WHAT YOU SHOULD DO:
The reply must contain exactly the lines below from the one with "Adesivi plastificati per" down to the one with "verschwommen braun-schwarz |", both included, and nothing more; please omit the pictures.

INFORMATION SHOWN below:

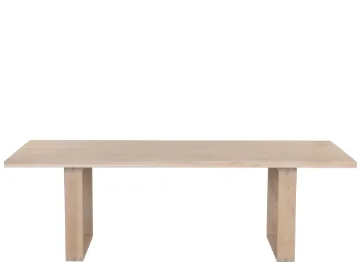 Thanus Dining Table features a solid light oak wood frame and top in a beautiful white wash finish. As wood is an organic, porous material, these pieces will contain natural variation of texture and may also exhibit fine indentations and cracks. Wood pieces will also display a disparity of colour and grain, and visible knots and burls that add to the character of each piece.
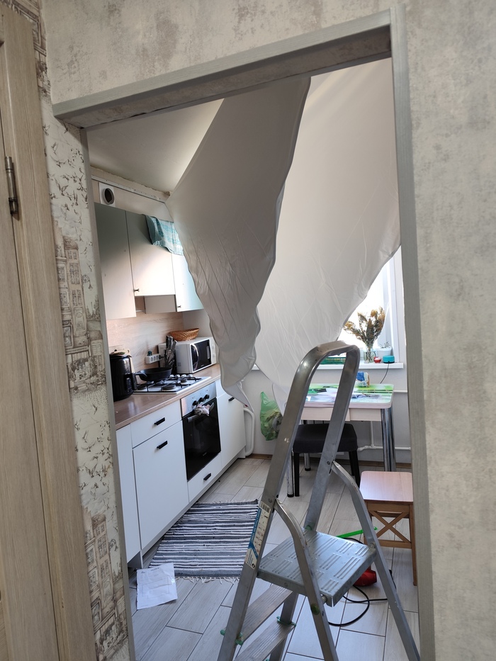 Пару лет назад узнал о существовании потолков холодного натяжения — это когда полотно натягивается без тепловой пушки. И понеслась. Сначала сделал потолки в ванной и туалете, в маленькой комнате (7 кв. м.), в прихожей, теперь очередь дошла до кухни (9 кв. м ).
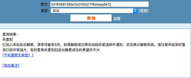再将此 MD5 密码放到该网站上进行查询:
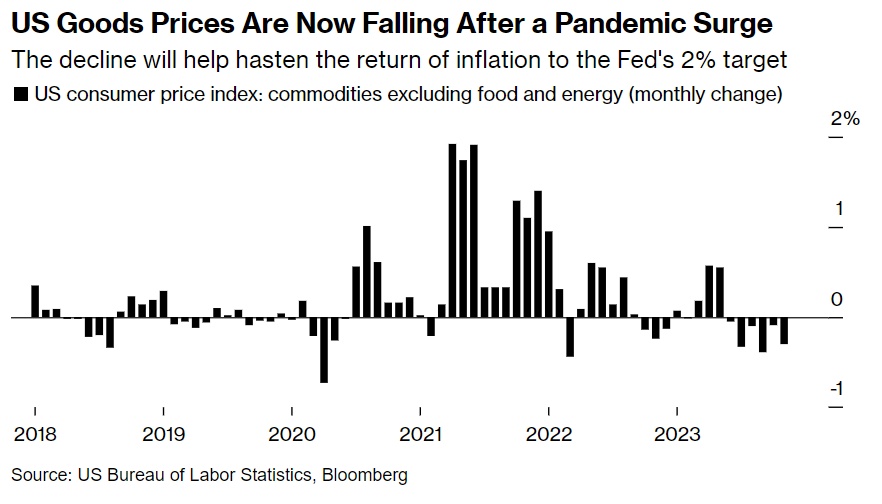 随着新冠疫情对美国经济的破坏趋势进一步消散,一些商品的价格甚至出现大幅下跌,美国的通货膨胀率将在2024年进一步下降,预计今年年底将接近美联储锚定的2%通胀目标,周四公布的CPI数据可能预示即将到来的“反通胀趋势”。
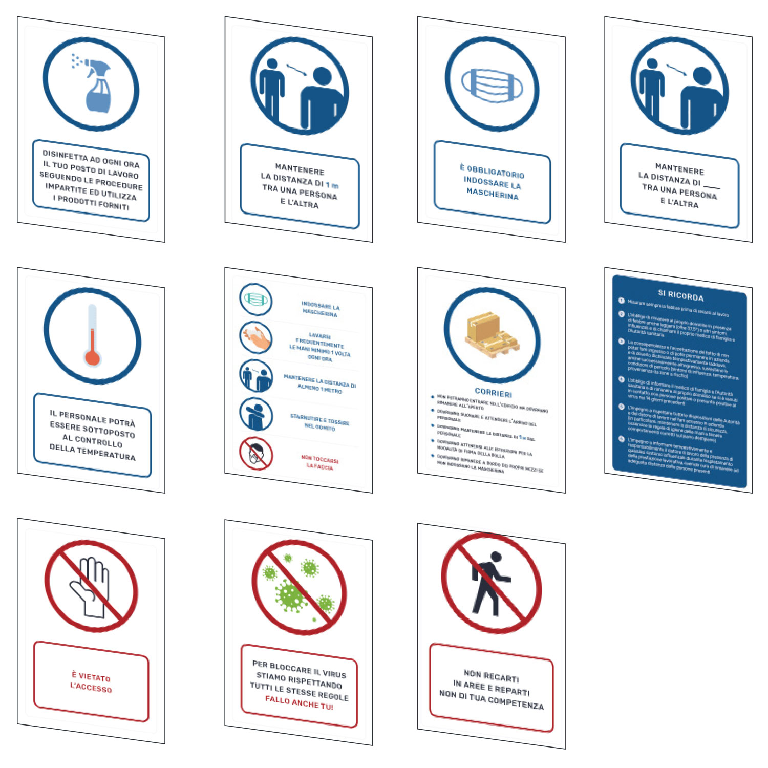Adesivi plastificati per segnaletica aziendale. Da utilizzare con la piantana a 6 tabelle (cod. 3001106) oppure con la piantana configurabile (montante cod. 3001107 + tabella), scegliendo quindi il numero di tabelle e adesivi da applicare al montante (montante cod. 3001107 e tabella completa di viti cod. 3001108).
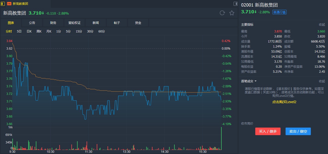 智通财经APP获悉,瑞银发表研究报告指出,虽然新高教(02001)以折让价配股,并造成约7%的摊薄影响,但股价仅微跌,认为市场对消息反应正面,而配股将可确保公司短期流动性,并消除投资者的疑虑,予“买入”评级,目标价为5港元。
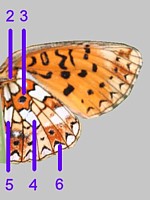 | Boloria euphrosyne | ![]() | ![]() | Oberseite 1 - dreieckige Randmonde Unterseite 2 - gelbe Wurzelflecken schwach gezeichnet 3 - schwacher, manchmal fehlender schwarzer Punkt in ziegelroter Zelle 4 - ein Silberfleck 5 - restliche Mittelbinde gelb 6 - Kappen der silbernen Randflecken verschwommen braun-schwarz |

End of INFORMATION SHOWN.
INFORMATION SHOWN below:

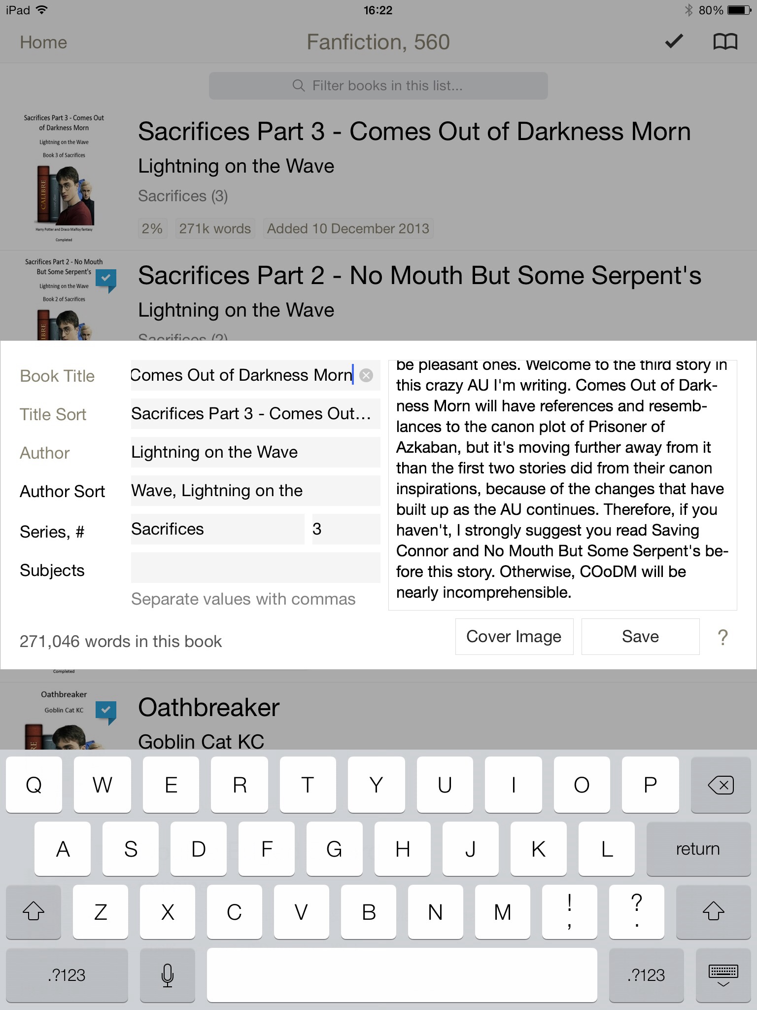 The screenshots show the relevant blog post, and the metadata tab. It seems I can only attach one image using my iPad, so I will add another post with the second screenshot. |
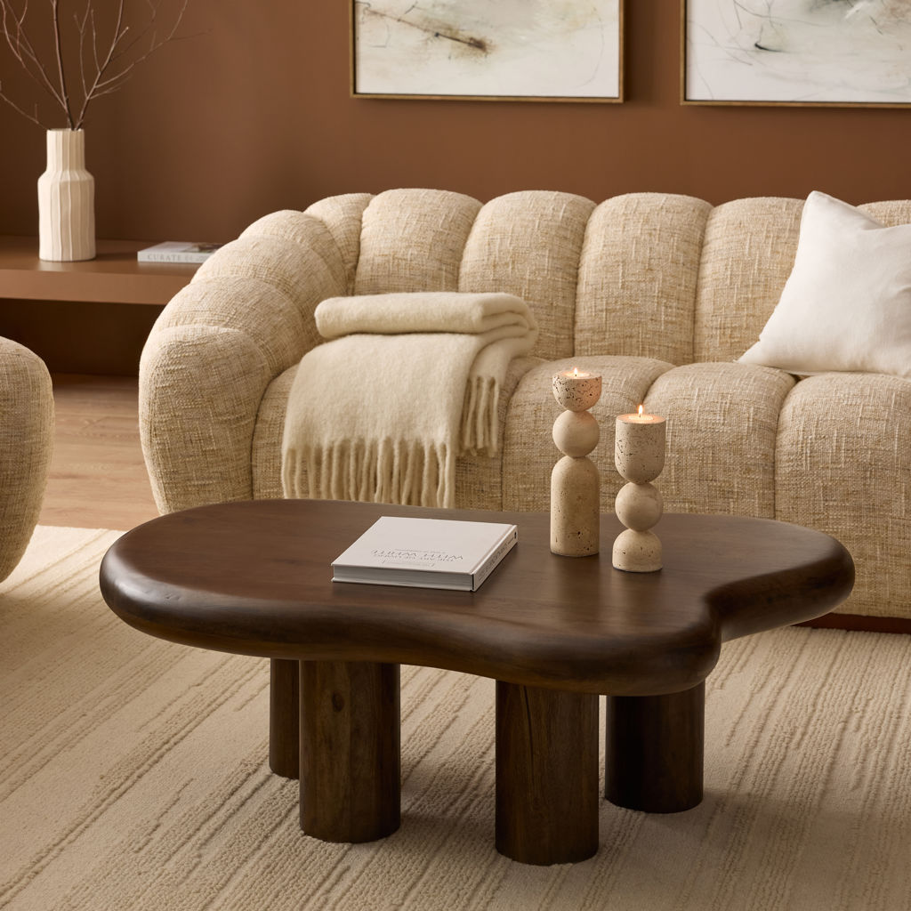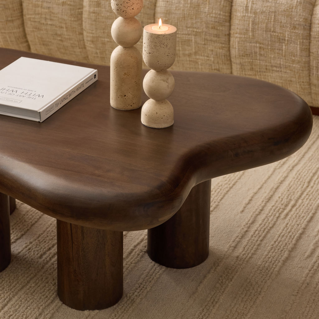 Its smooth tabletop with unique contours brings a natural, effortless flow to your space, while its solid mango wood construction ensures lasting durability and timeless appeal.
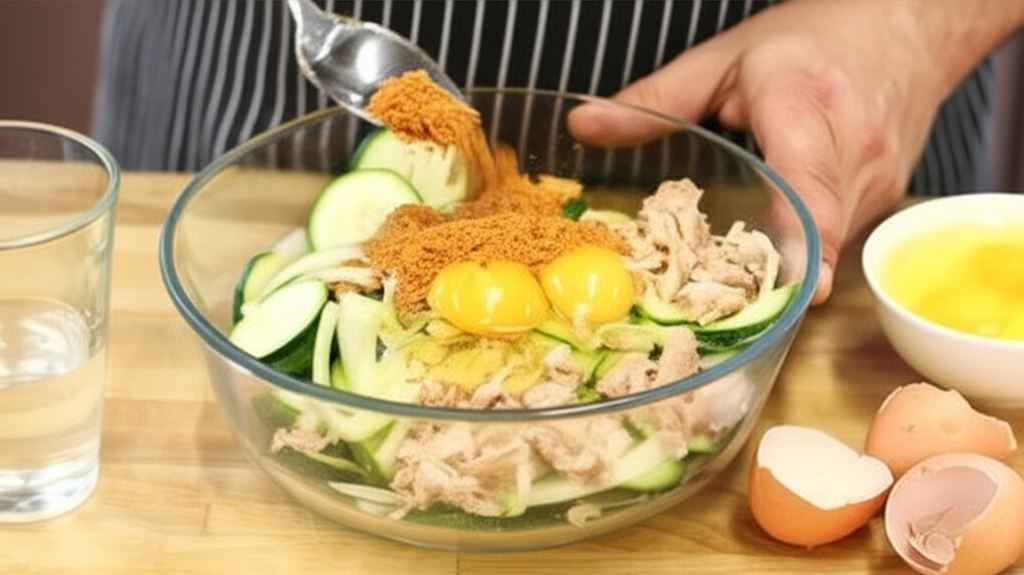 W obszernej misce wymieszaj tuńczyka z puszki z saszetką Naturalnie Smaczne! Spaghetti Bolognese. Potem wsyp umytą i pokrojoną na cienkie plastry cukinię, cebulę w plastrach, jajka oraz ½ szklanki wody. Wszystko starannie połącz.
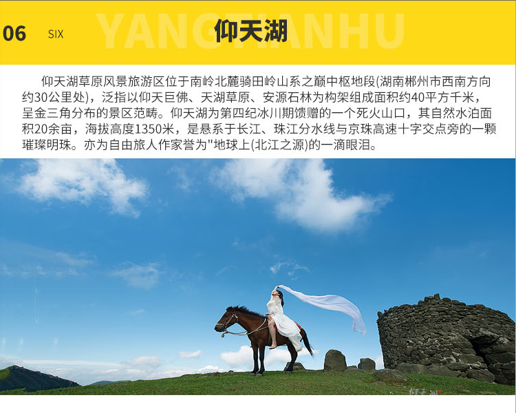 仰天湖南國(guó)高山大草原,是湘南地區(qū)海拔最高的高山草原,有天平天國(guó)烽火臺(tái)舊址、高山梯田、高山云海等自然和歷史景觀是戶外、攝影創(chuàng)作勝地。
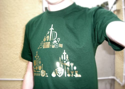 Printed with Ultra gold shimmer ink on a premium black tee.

End of INFORMATION SHOWN.

TASK SOLUTION:
Adesivi plastificati per segnaletica aziendale. Da utilizzare con la piantana a 6 tabelle (cod. 3001106) oppure con la piantana configurabile (montante cod. 3001107 + tabella), scegliendo quindi il numero di tabelle e adesivi da applicare al montante (montante cod. 3001107 e tabella completa di viti cod. 3001108).
 智通财经APP获悉,瑞银发表研究报告指出,虽然新高教(02001)以折让价配股,并造成约7%的摊薄影响,但股价仅微跌,认为市场对消息反应正面,而配股将可确保公司短期流动性,并消除投资者的疑虑,予“买入”评级,目标价为5港元。
 | Boloria euphrosyne | ![]() | ![]() | Oberseite 1 - dreieckige Randmonde Unterseite 2 - gelbe Wurzelflecken schwach gezeichnet 3 - schwacher, manchmal fehlender schwarzer Punkt in ziegelroter Zelle 4 - ein Silberfleck 5 - restliche Mittelbinde gelb 6 - Kappen der silbernen Randflecken verschwommen braun-schwarz |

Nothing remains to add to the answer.